━━ Stored data

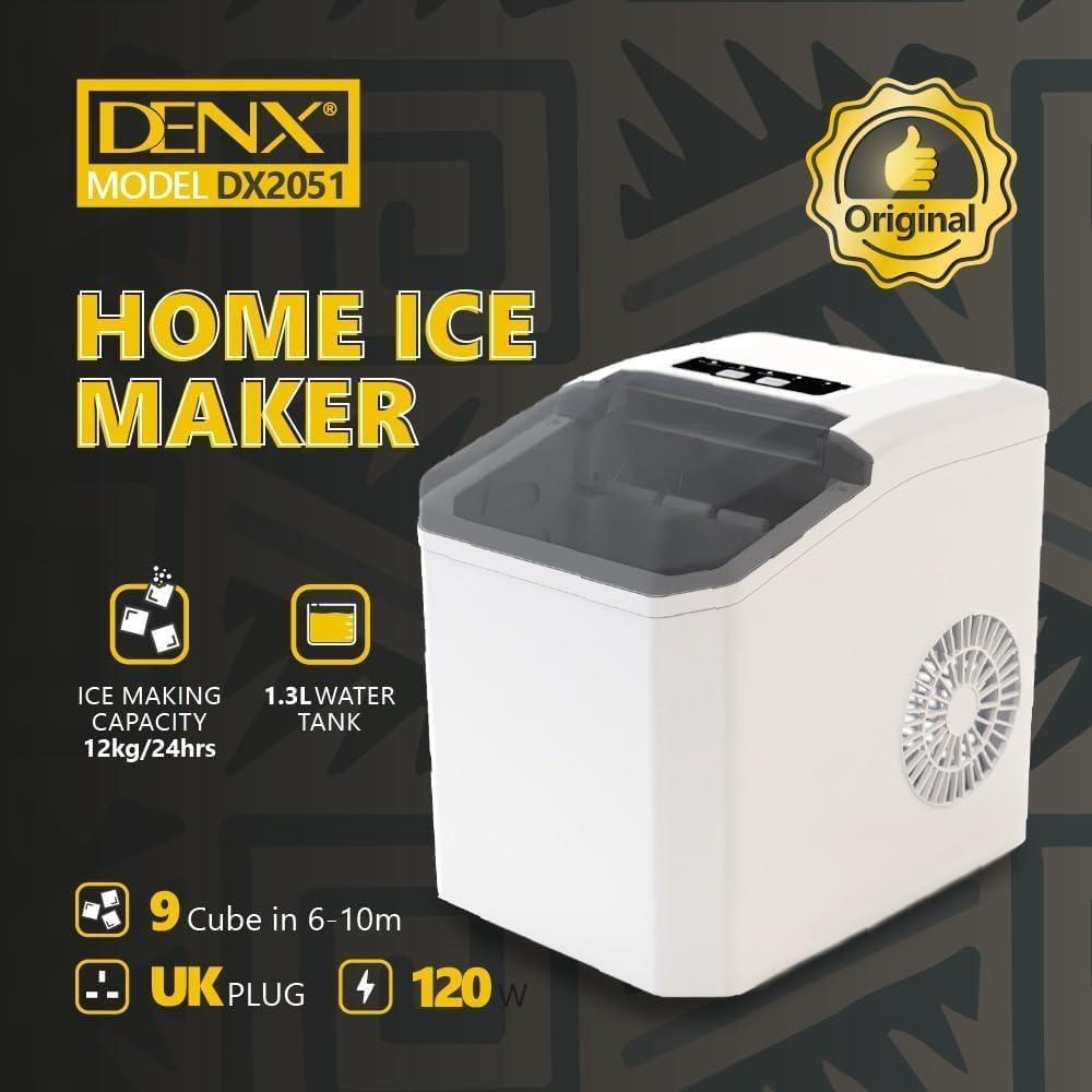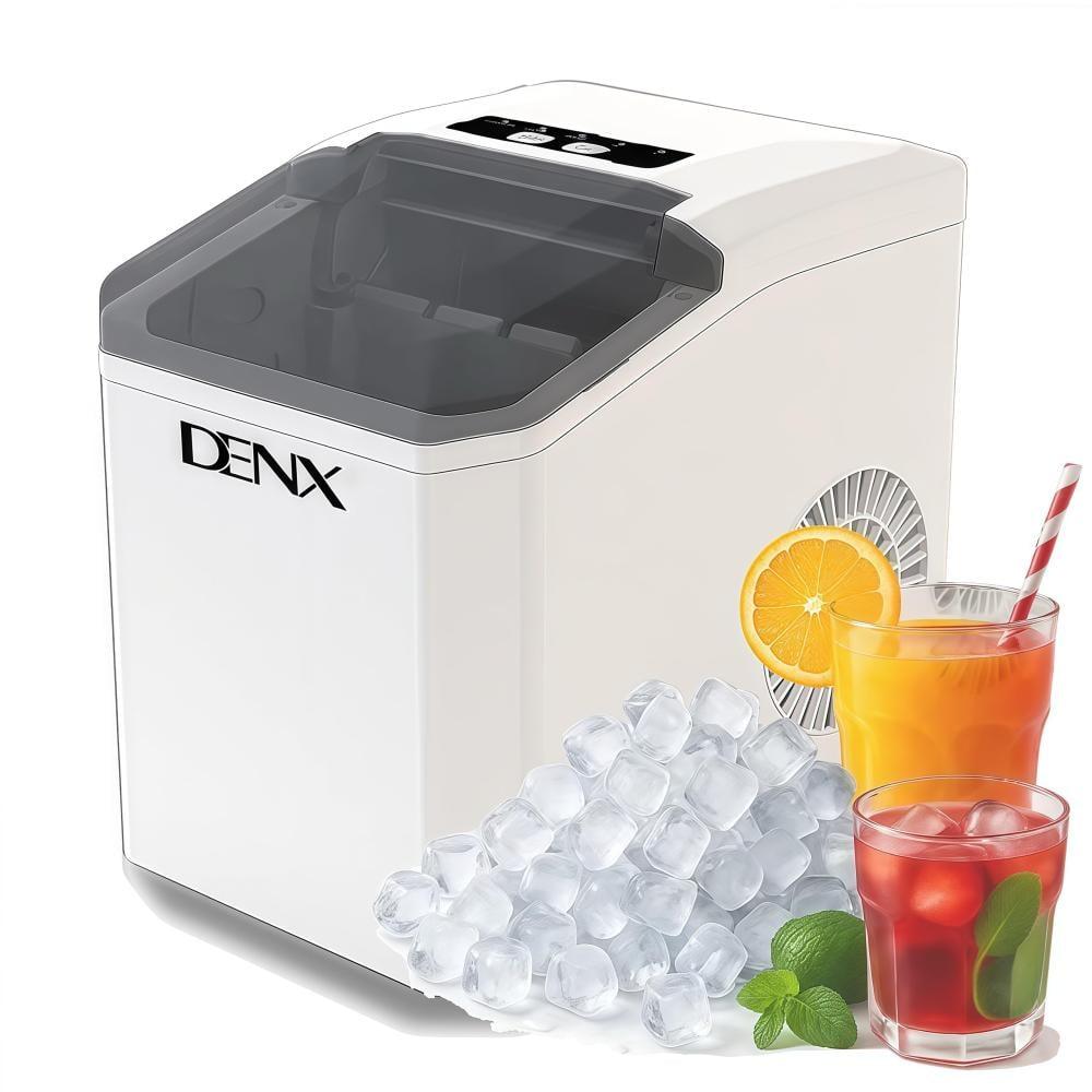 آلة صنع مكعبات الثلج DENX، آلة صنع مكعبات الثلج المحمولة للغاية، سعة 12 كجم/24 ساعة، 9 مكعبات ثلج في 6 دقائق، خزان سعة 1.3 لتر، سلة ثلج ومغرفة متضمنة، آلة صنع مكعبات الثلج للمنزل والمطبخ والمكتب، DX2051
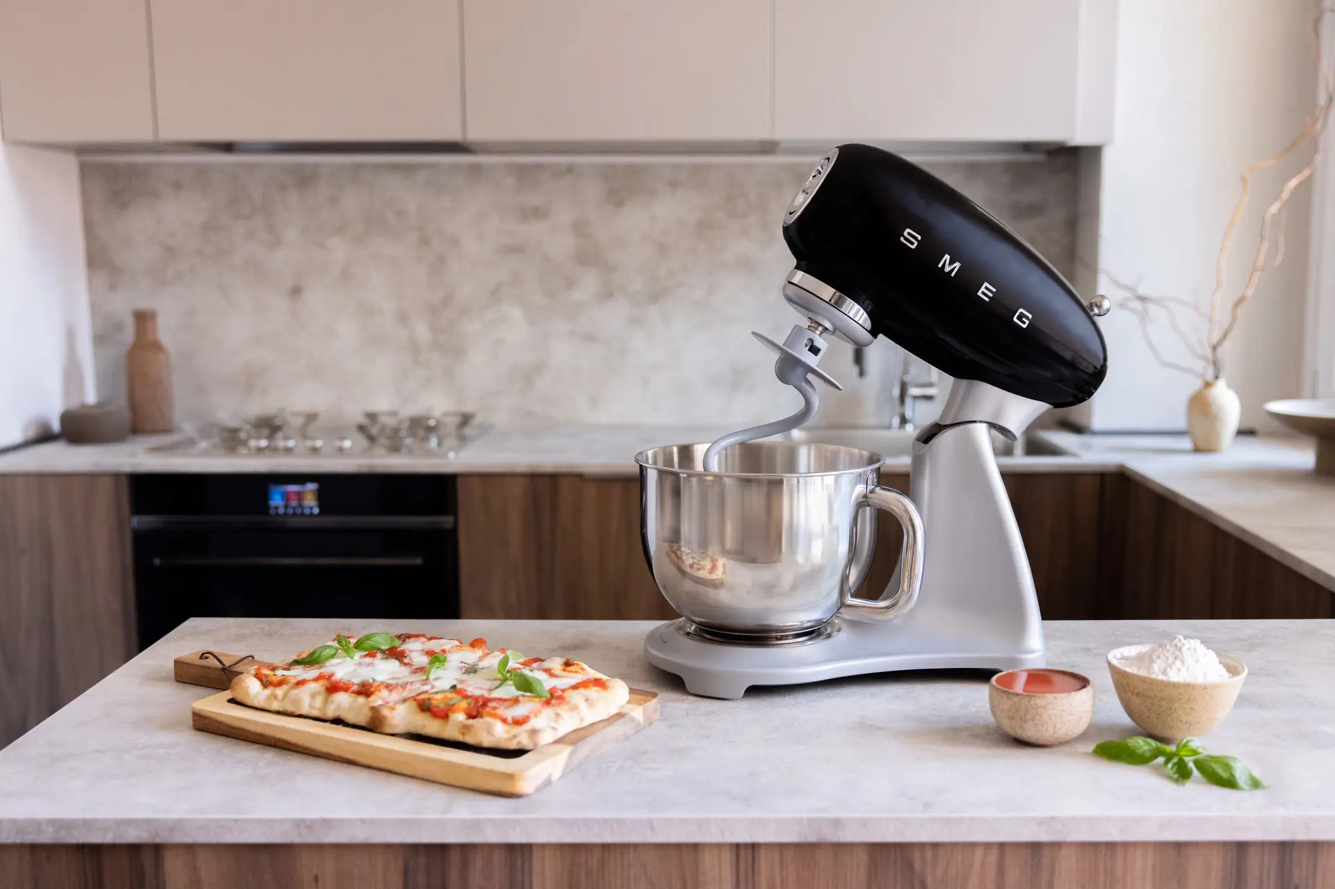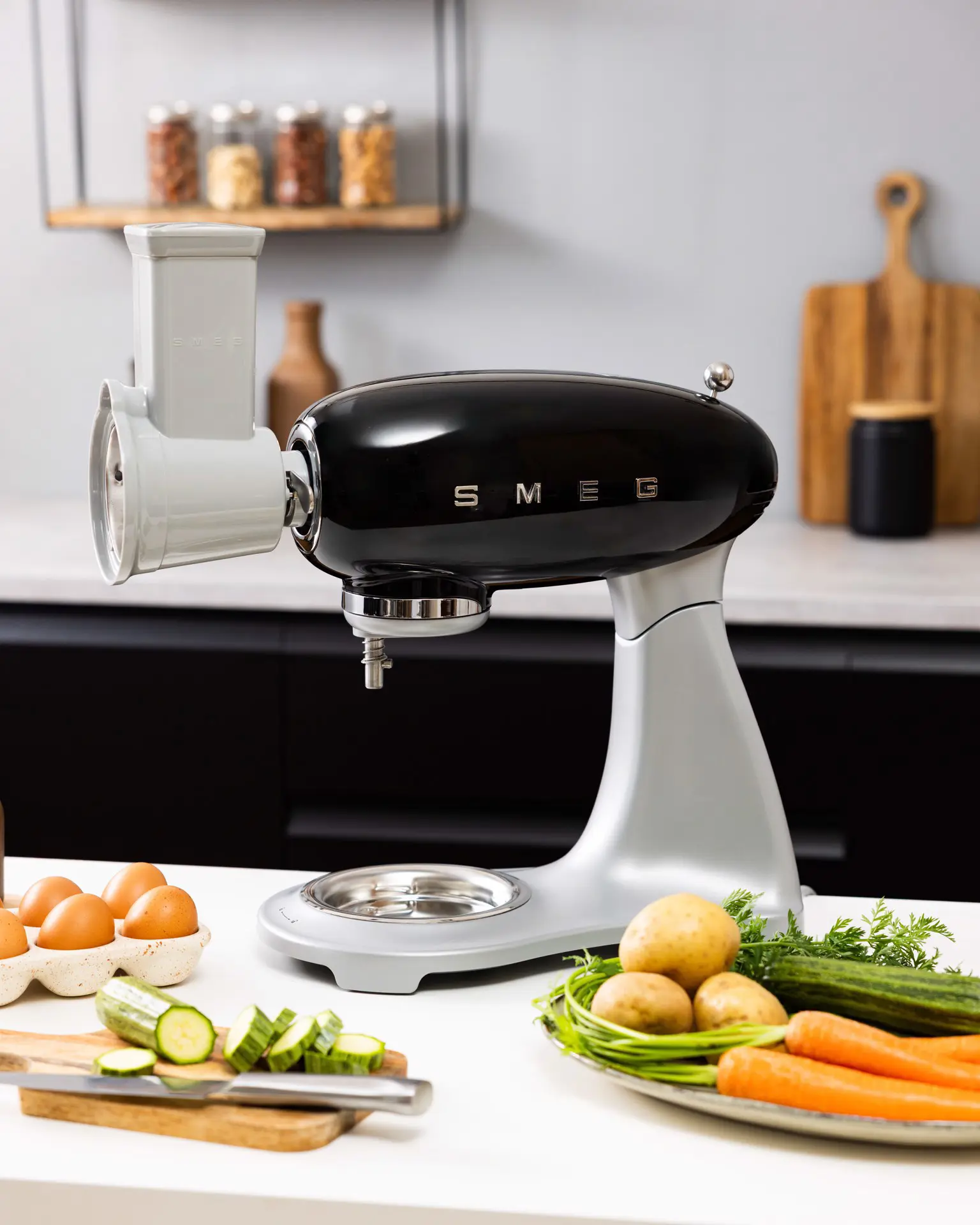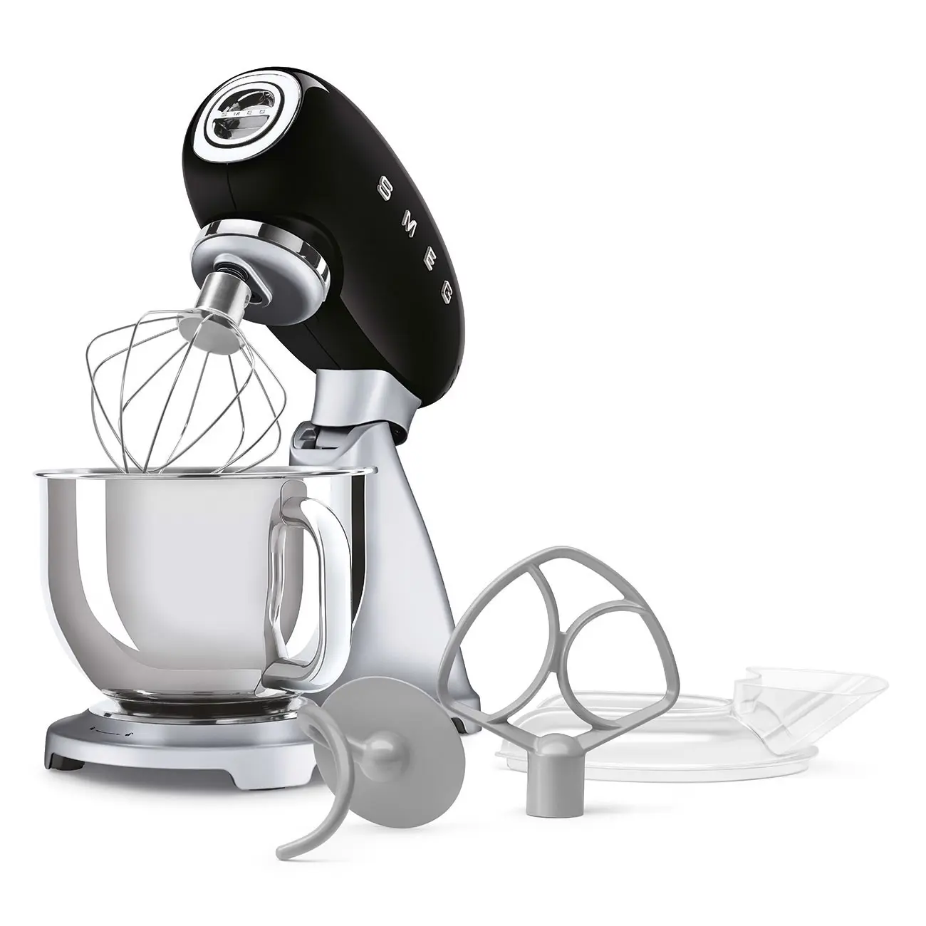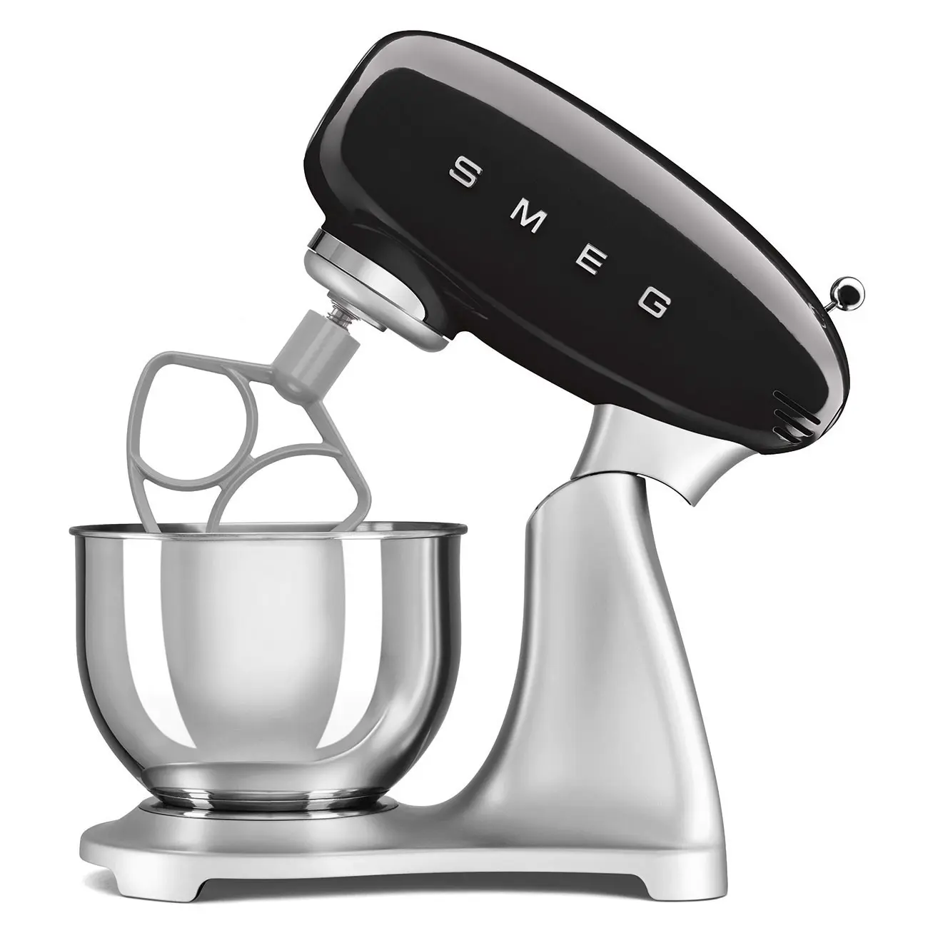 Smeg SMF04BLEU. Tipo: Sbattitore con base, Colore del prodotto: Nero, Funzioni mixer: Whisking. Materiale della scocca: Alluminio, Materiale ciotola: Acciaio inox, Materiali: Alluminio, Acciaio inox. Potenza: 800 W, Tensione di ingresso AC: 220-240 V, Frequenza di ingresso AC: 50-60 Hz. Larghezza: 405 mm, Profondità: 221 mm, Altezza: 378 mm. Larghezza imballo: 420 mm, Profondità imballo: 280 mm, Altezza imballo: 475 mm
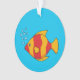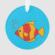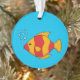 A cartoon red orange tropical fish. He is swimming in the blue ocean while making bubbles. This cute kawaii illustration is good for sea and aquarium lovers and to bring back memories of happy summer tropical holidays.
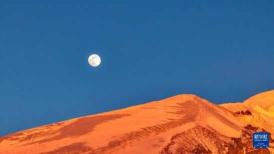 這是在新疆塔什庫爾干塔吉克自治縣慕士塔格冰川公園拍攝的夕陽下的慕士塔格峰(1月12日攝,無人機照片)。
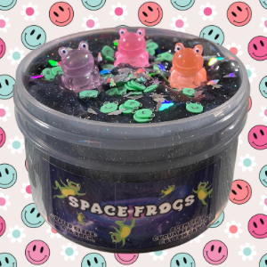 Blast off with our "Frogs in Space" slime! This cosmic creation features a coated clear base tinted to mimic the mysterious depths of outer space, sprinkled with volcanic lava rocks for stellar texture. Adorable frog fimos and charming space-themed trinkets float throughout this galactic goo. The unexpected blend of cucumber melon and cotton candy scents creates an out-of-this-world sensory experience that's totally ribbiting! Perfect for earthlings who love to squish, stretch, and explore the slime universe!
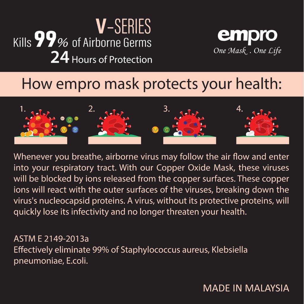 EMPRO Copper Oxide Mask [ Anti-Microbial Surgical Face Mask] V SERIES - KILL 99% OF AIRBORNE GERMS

━━━━

Problem:
Copy the listing above verbatim, leaving out pictures.

Solved exercise:
 آلة صنع مكعبات الثلج DENX، آلة صنع مكعبات الثلج المحمولة للغاية، سعة 12 كجم/24 ساعة، 9 مكعبات ثلج في 6 دقائق، خزان سعة 1.3 لتر، سلة ثلج ومغرفة متضمنة، آلة صنع مكعبات الثلج للمنزل والمطبخ والمكتب، DX2051
 Smeg SMF04BLEU. Tipo: Sbattitore con base, Colore del prodotto: Nero, Funzioni mixer: Whisking. Materiale della scocca: Alluminio, Materiale ciotola: Acciaio inox, Materiali: Alluminio, Acciaio inox. Potenza: 800 W, Tensione di ingresso AC: 220-240 V, Frequenza di ingresso AC: 50-60 Hz. Larghezza: 405 mm, Profondità: 221 mm, Altezza: 378 mm. Larghezza imballo: 420 mm, Profondità imballo: 280 mm, Altezza imballo: 475 mm
 A cartoon red orange tropical fish. He is swimming in the blue ocean while making bubbles. This cute kawaii illustration is good for sea and aquarium lovers and to bring back memories of happy summer tropical holidays.
 這是在新疆塔什庫爾干塔吉克自治縣慕士塔格冰川公園拍攝的夕陽下的慕士塔格峰(1月12日攝,無人機照片)。
 Blast off with our "Frogs in Space" slime! This cosmic creation features a coated clear base tinted to mimic the mysterious depths of outer space, sprinkled with volcanic lava rocks for stellar texture. Adorable frog fimos and charming space-themed trinkets float throughout this galactic goo. The unexpected blend of cucumber melon and cotton candy scents creates an out-of-this-world sensory experience that's totally ribbiting! Perfect for earthlings who love to squish, stretch, and explore the slime universe!
 EMPRO Copper Oxide Mask [ Anti-Microbial Surgical Face Mask] V SERIES - KILL 99% OF AIRBORNE GERMS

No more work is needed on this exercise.